• Data for processing:
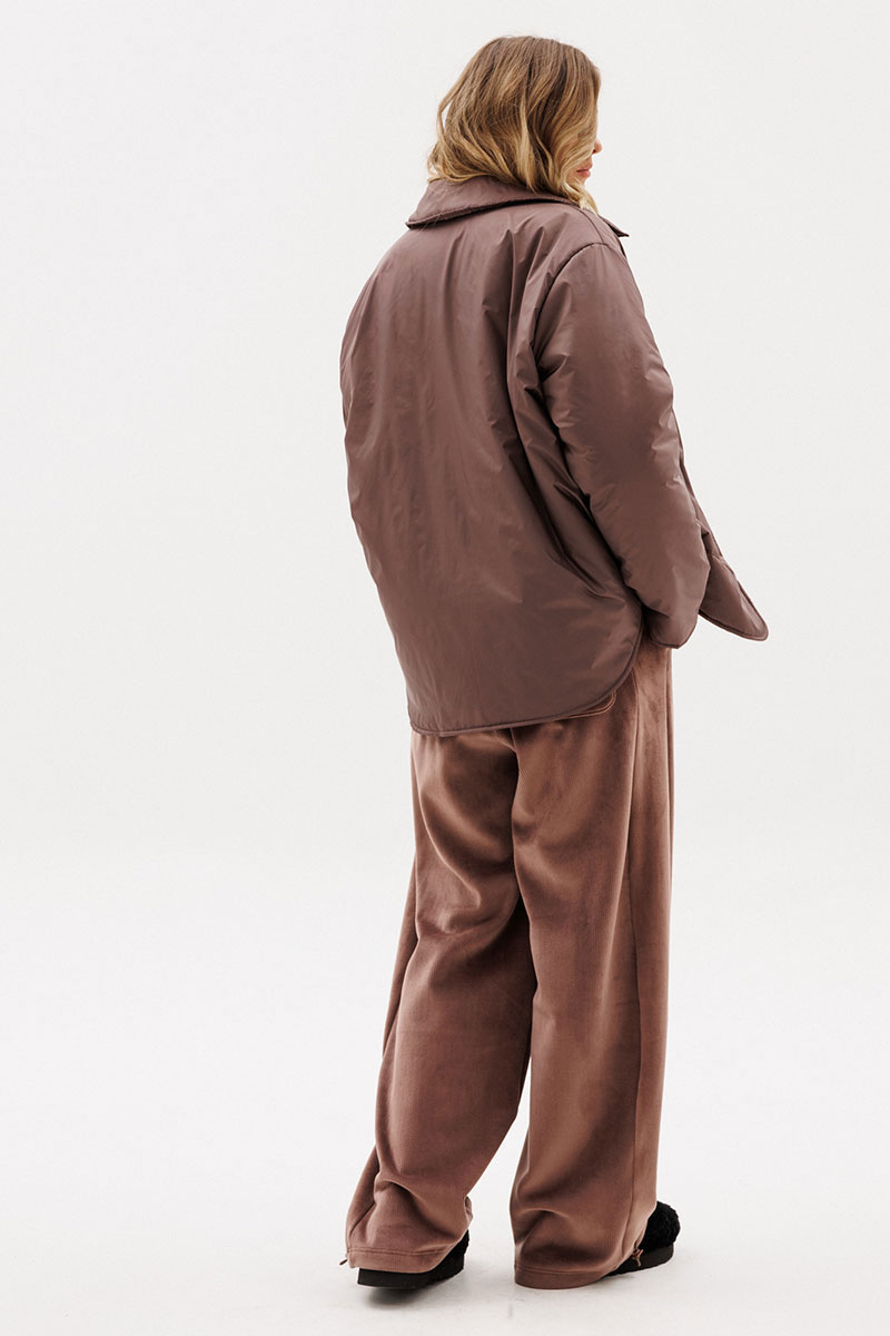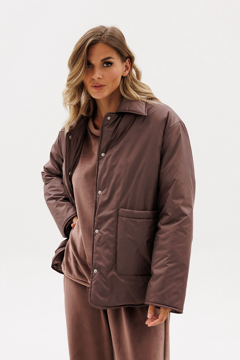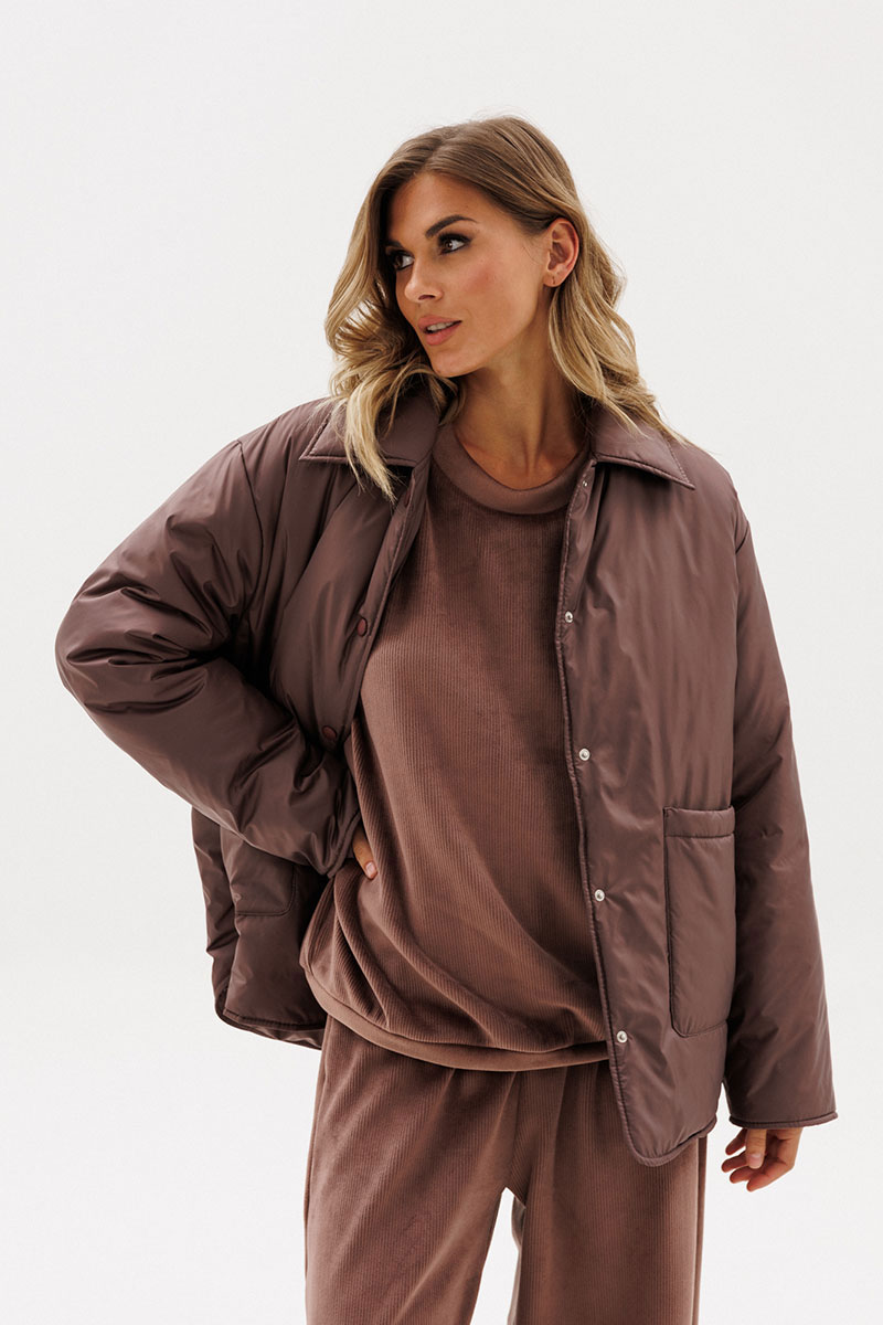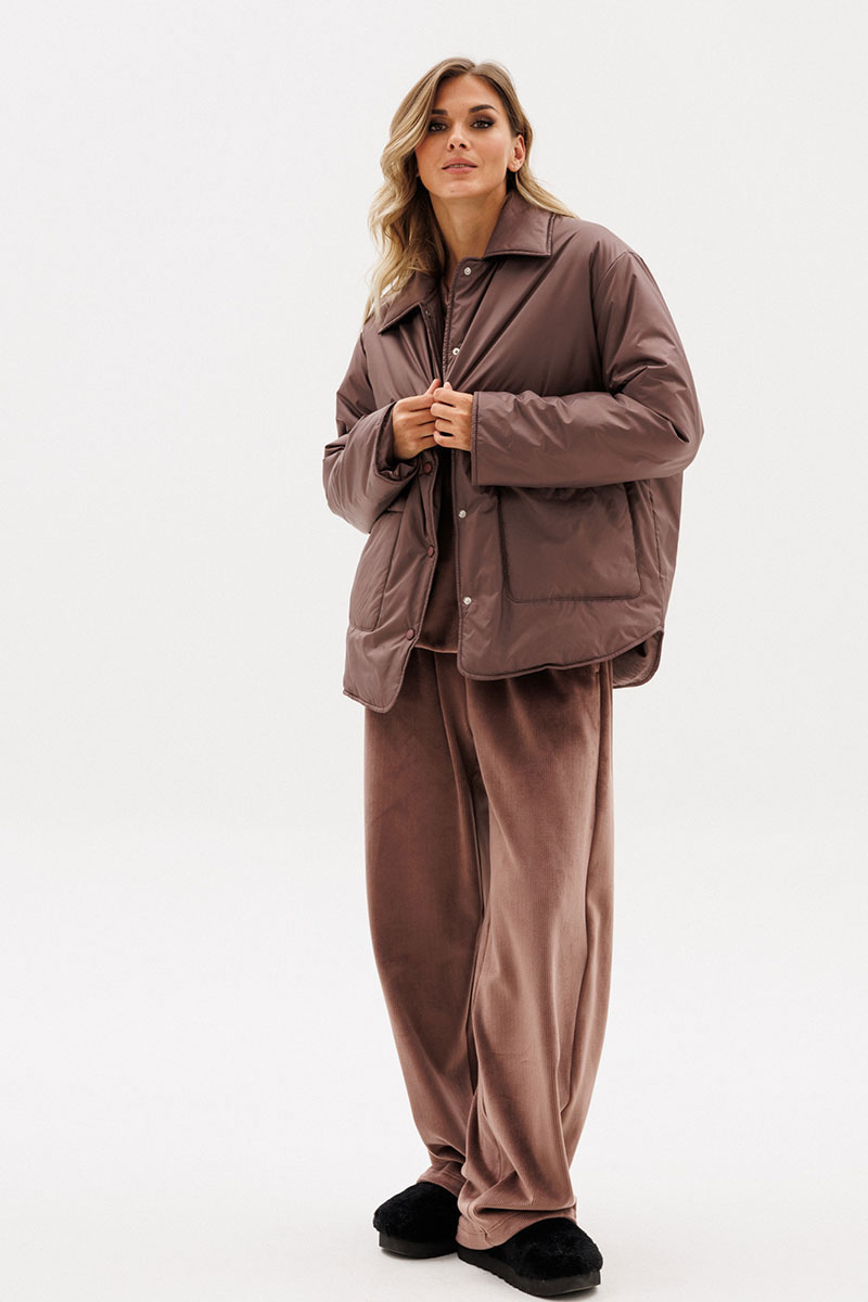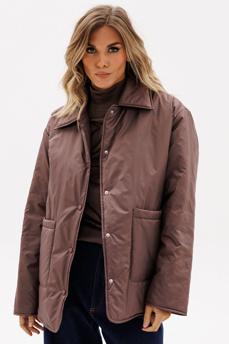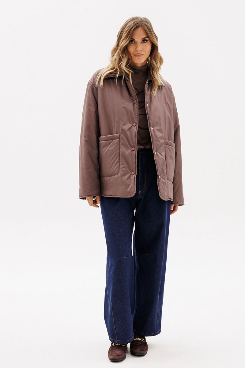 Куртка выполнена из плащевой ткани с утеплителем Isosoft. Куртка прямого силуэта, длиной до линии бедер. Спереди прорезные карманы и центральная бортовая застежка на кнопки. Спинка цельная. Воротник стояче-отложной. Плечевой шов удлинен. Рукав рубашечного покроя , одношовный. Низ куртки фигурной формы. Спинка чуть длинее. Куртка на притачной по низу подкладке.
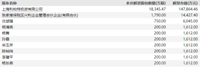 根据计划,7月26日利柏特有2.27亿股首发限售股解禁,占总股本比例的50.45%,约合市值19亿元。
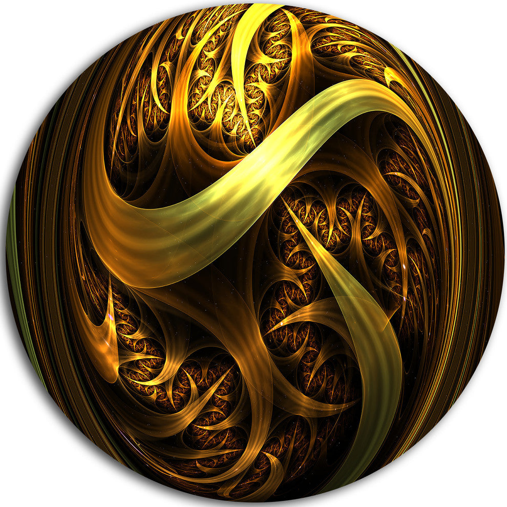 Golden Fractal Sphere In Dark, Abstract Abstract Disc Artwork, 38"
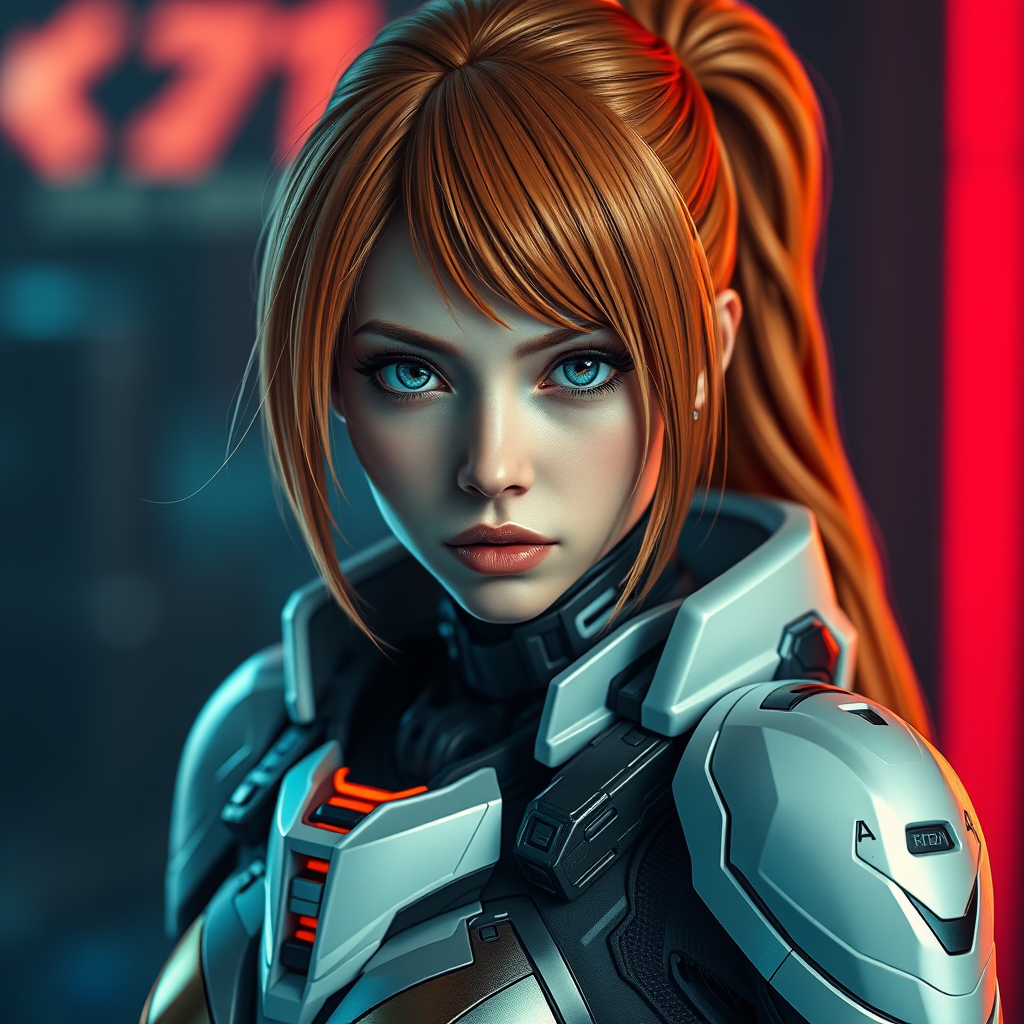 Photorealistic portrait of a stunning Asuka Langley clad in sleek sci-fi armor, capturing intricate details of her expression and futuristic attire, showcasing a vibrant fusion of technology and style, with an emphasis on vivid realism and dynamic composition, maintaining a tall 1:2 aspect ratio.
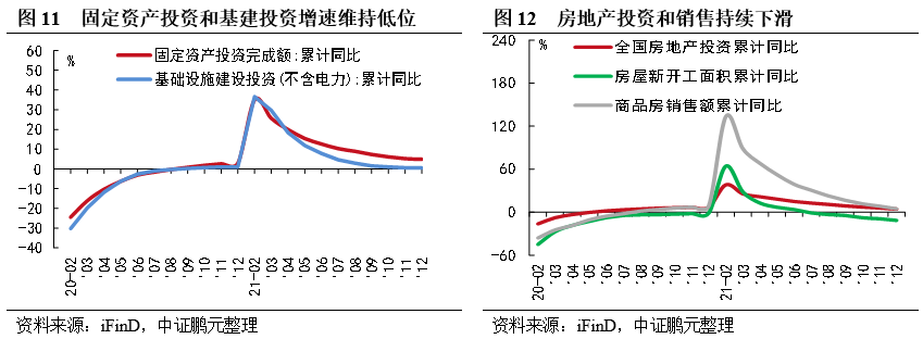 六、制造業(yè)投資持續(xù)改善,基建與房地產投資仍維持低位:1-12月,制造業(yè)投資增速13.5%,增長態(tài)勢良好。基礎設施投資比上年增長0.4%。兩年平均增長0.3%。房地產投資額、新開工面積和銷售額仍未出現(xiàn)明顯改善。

• Work required:
Your task is to repeat the entries above exactly, omitting the pictures.

• Solution to the problem:
 Куртка выполнена из плащевой ткани с утеплителем Isosoft. Куртка прямого силуэта, длиной до линии бедер. Спереди прорезные карманы и центральная бортовая застежка на кнопки. Спинка цельная. Воротник стояче-отложной. Плечевой шов удлинен. Рукав рубашечного покроя , одношовный. Низ куртки фигурной формы. Спинка чуть длинее. Куртка на притачной по низу подкладке.
 根据计划,7月26日利柏特有2.27亿股首发限售股解禁,占总股本比例的50.45%,约合市值19亿元。
 Golden Fractal Sphere In Dark, Abstract Abstract Disc Artwork, 38"
 Photorealistic portrait of a stunning Asuka Langley clad in sleek sci-fi armor, capturing intricate details of her expression and futuristic attire, showcasing a vibrant fusion of technology and style, with an emphasis on vivid realism and dynamic composition, maintaining a tall 1:2 aspect ratio.
 六、制造業(yè)投資持續(xù)改善,基建與房地產投資仍維持低位:1-12月,制造業(yè)投資增速13.5%,增長態(tài)勢良好。基礎設施投資比上年增長0.4%。兩年平均增長0.3%。房地產投資額、新開工面積和銷售額仍未出現(xiàn)明顯改善。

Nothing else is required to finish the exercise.